The first time I bought into my employee stocks some years ago they were going at $4 a share. Later they shot up to nearly $20 and $26 a few days later. I was being coerced into selling them immediately. I said, “When they hit $30, I’ll definitely sell.” They didn’t, instead plummeted to less than $2, never to rebound. I should have listened. A few years ago, there was a penny-stock that I believed was on the fringe of surging but not according to others I knew. Rather than listen, I put money into it and waited to fulfill my dreams. Two years later I cashed in, getting a return of 20 percent of my investment. Never again!
I smirk when surveys show single men not having anywhere near the amount of sex we think they are. For every Ryan Gosling in ‘Crazy Stupid Love’, there are scores more that are going home from the bar alone, whose unique come-on lines are fired into a bottomless abyss without so much as an echo. However, listening to these macho guys, we might have thought they had more dates than they could handle.
As a teenager, I can’t forget the first time I telephoned a girl for a date. I was so puffed up and sure of myself. She answered and I said, “How about a movie Saturday night.” She replied, “I’m busy Saturday night.” I said, “What about the next Saturday.” She replied, “I’m busy every Saturday.” That hurtful rejection stayed with me until I learned that I wasn’t rejected, it was my request for a date that was.
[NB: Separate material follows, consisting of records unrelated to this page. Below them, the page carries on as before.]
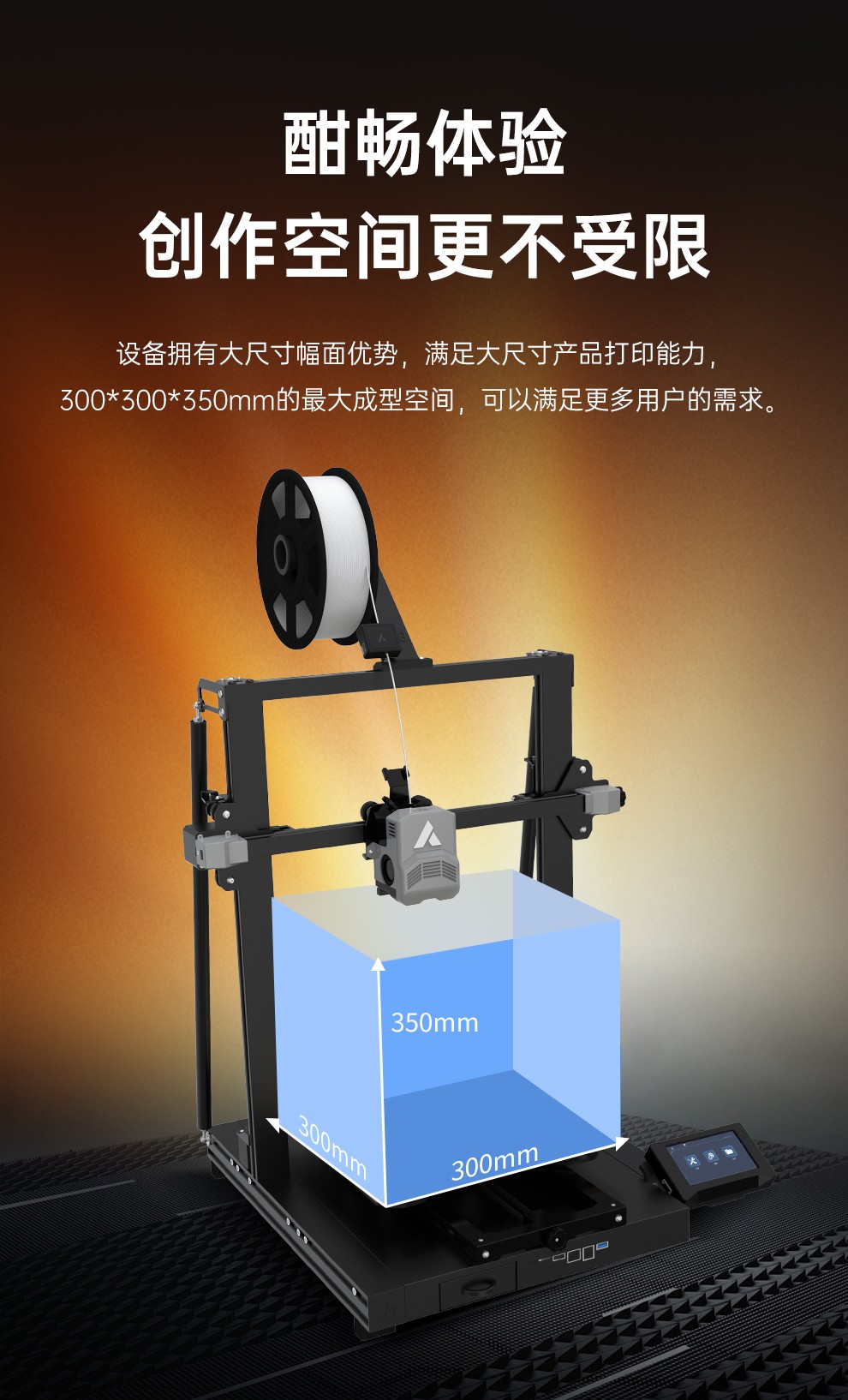300*300*350mm最大成型空間·9.5倍放大擠出,使出料更均勻,成型更出色,搭載智能風扇控制系統,讓高達8500r/min的轉速降低噪音,還可以模型散熱更全面的同時高速打印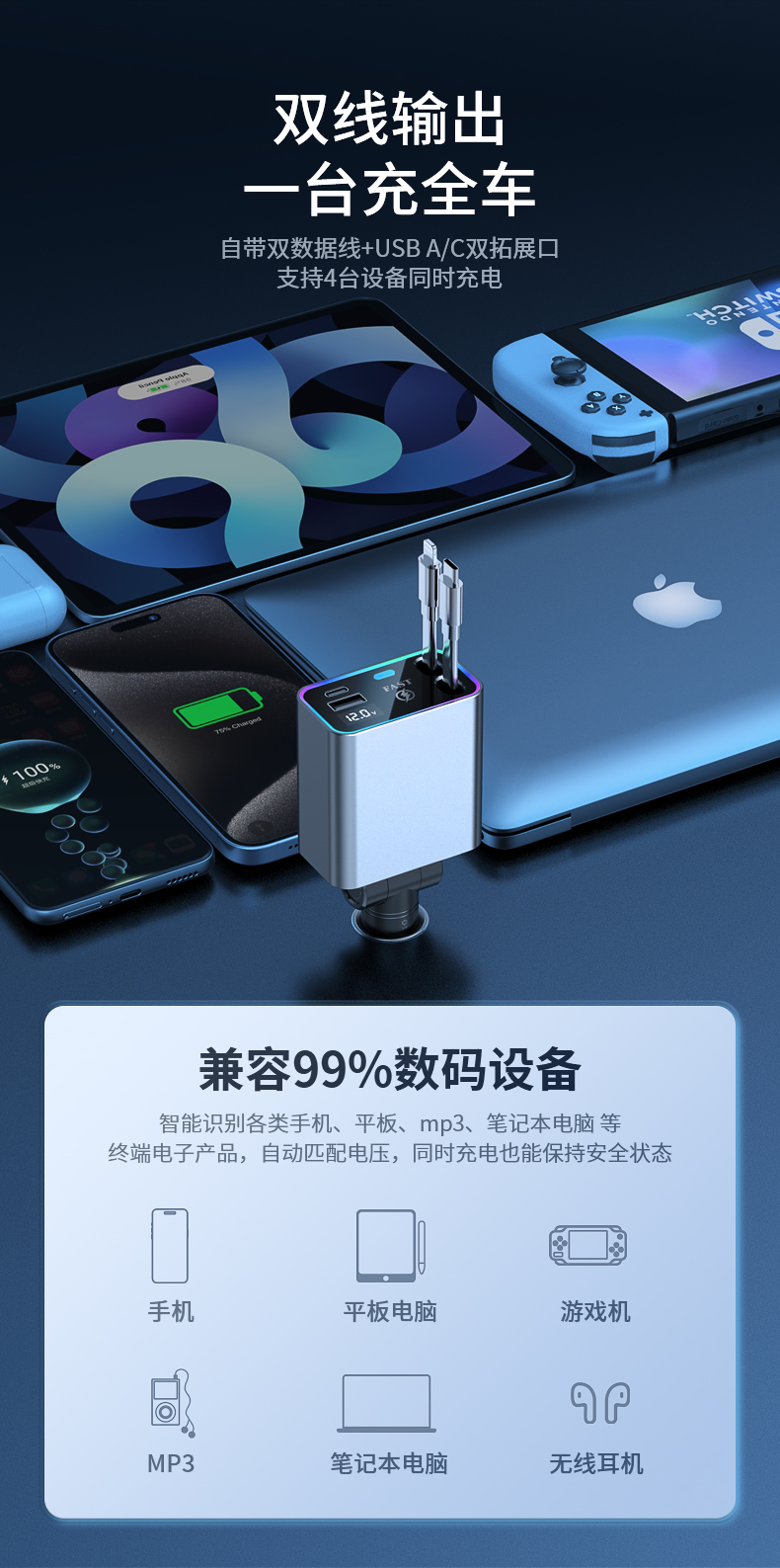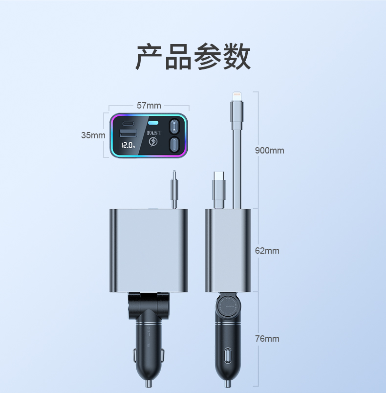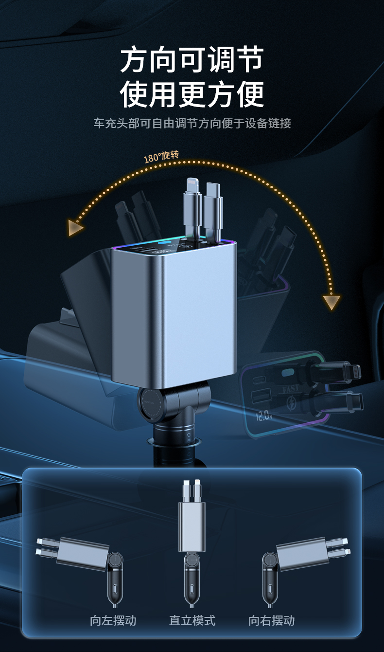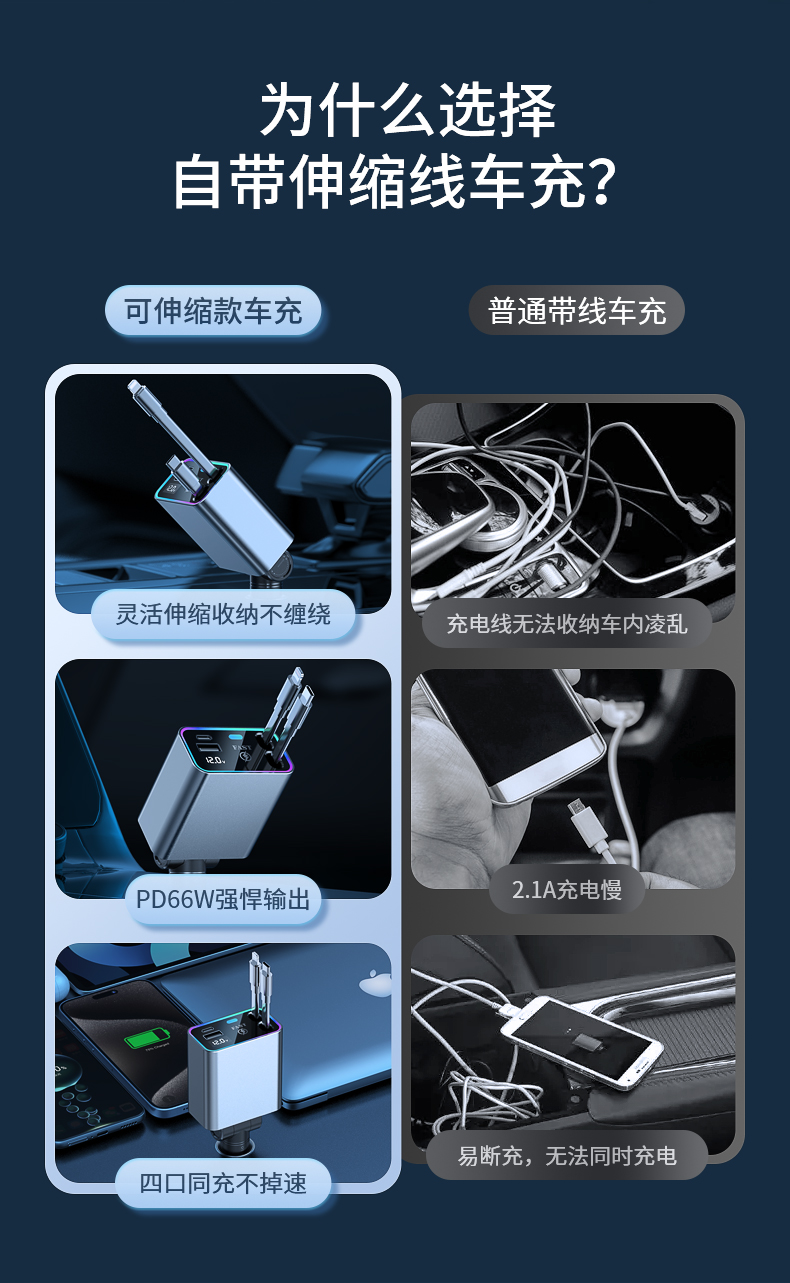 品宁148W车载超级快充自由伸缩线车型通用适用于苹果16华为小米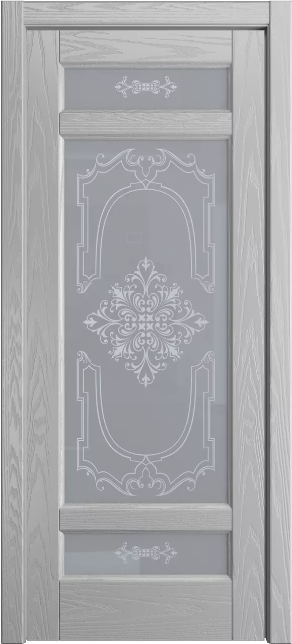 Дверь Клариса ДО имеет сборную конструкцию с фрезерованными филенками. Модель остеклена светлым или матовым стеклом с золотой фотопечатью или пескоструйным рисунком и покрыта натуральным шпоном ясеня или дуба на выбор.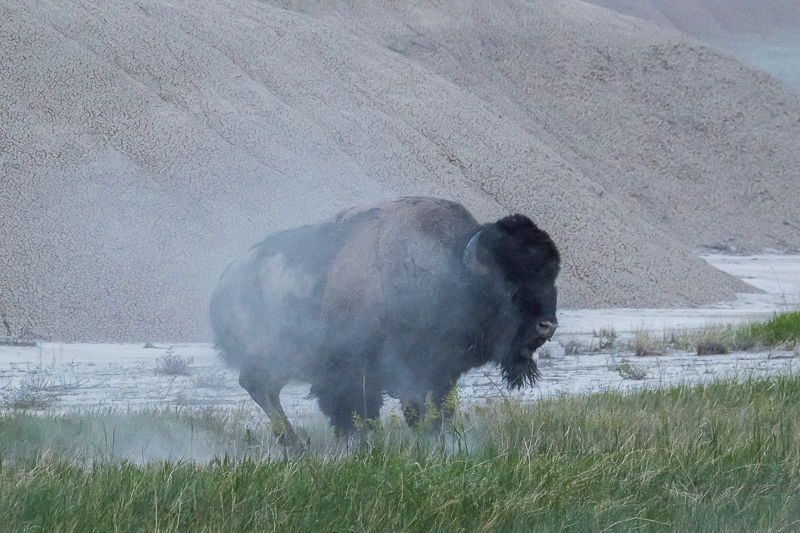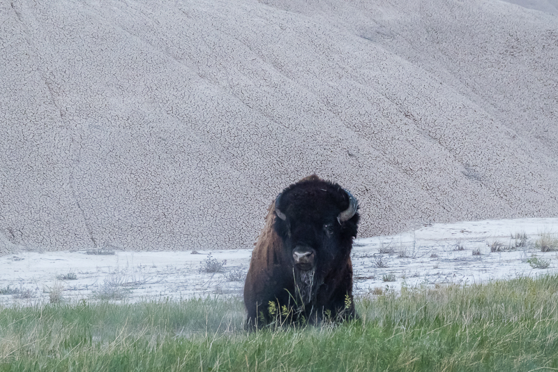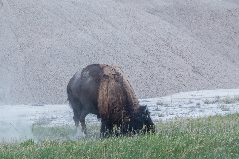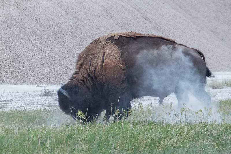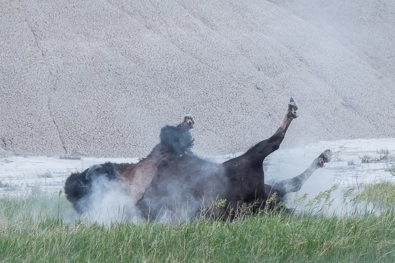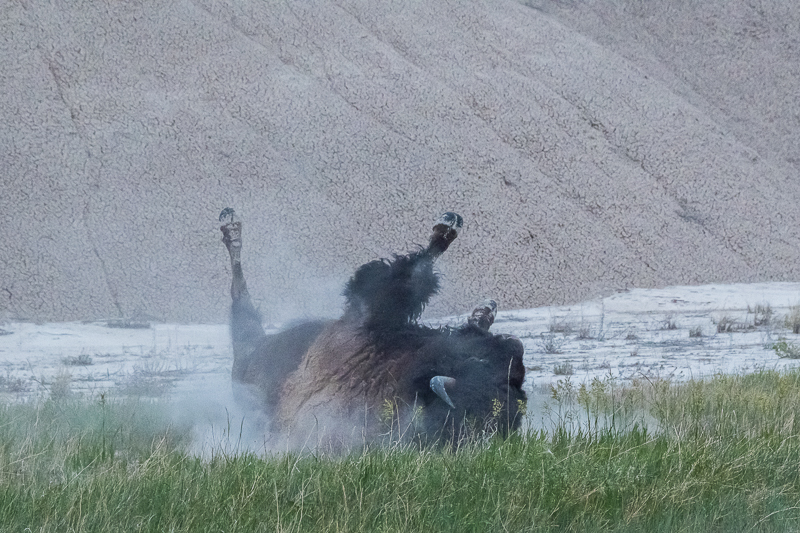 For no particular reason we turned south off Badlands Loop Road onto Conata Road, probably because we did not drive down this road during our previous visit to the park. What a stroke of luck. We came across a bison in a small field who decided to take a dust bath in a dirt patch about twenty yards from our car. We spent more time watching this bison roll around in the dirt than we did at any overlook.
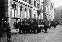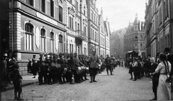 'Mit großen militärischen Ehren wurde die Leiche des Inspekteurs der Landsturm-Inspektion des VII. Armeekorps Generalmajors Wilhelm Müller zum Bahnhof begleitet.'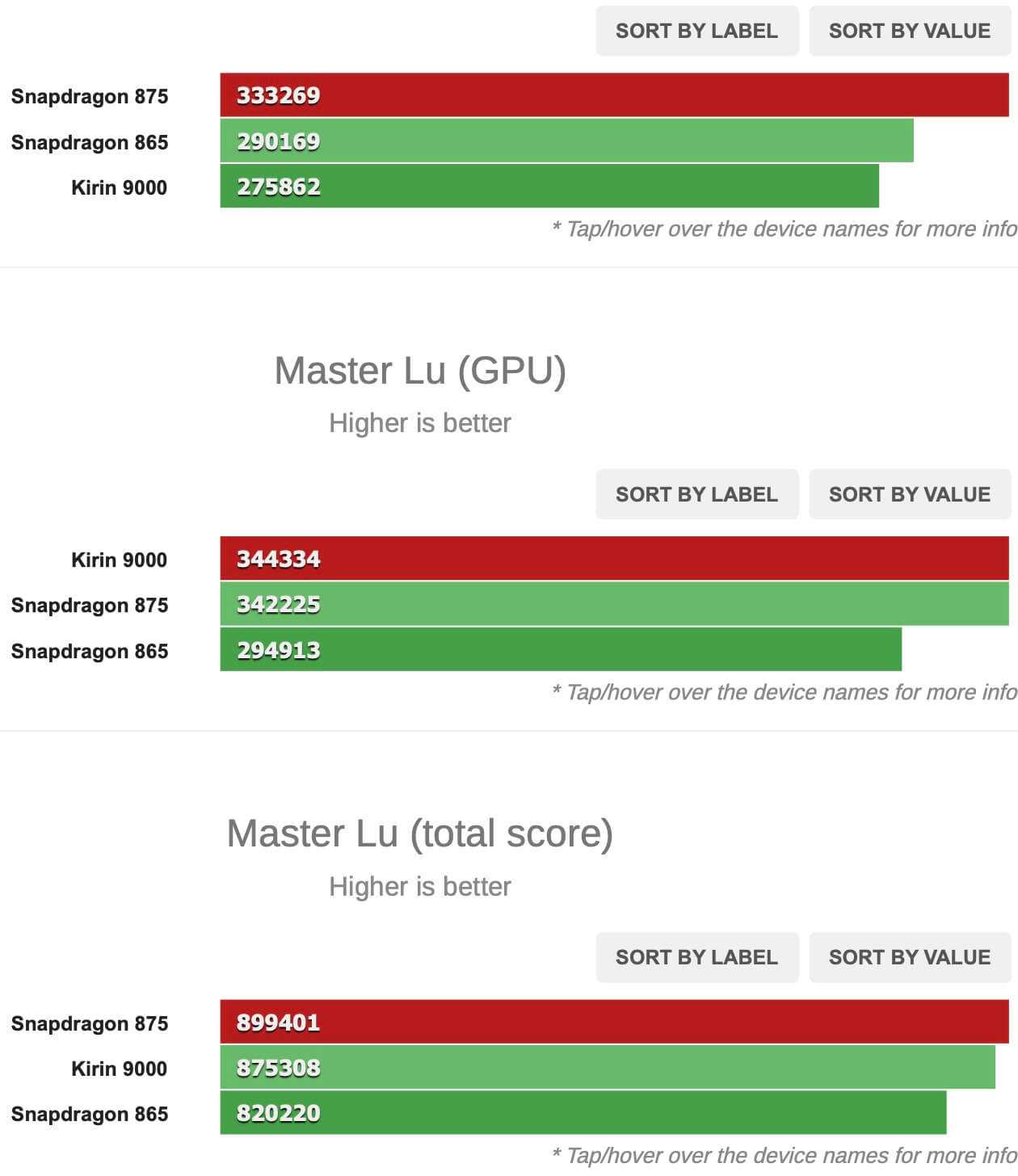 Цифры более красноречиво продемонстрируют то, о чем идет речь выше. Snapdragon 875 и 865 набрали 333 269 и 290 169 баллов соответственно в тестах Master Lu, а Kirin 9000 набрал 275 862 балла, что ниже результатов обоих чипов Snapdragon. Хотя по производительности графического процессора Kirin 9000 (344 334) смог получить незначительное преимущество над Snapdragon 875 (342 225) и заметное преимущество над более старым чипом 865 (294 913).

It still hurts a little.
A friend of mine had worked in India for a few years. This one day she had to take the infamous train from New Delhi to a nearby city. When it arrived, the women’s car was so full of women exiting the same door as getting on. She said she even helped push a struggling woman onto the car itself. To her surprise some women glared at the one she helped. She later discovered that those on the train were ‘working women’ and a higher caste. How could she have known!
I too had an issue with transportation but it wasn’t a train, it was my car. Returning to Toronto from Fort Erie I hit a real bottle-neck of traffic around Mississauga. It was stop and go with more stops than goes. I was behind an ambulance, fortunately not one in an emergency situation. Unfortunately, I was so weary after a hectic day that I drifted off and bumped into the ambulance. In a flash a woman paramedic on the passenger side was at my window motioning me to open it. I wish I hadn’t as she gave me the worst dressing down I ever had. “How dare you run into an ambulance. What if there had been a patient on board.” And so on …. Finally, the traffic started moving but at the next stoppage the driver got out this time and waved his fist threatening at me. Now when I see an ambulance I pull over even when it’s stopped.
However, there are a few things that still have the experts stumped, like hiccups and why they happen, or moths being attracted to a flame. Regarding colours; what’s to say one person’s image of green is the same as another’s? Not much, and it turns out that science really isn’t sure that we’re all seeing the same colors in the same way.
I look at it this way: I think I know more than others do but if I’m right 51 percent of the time then I’m ahead of the game.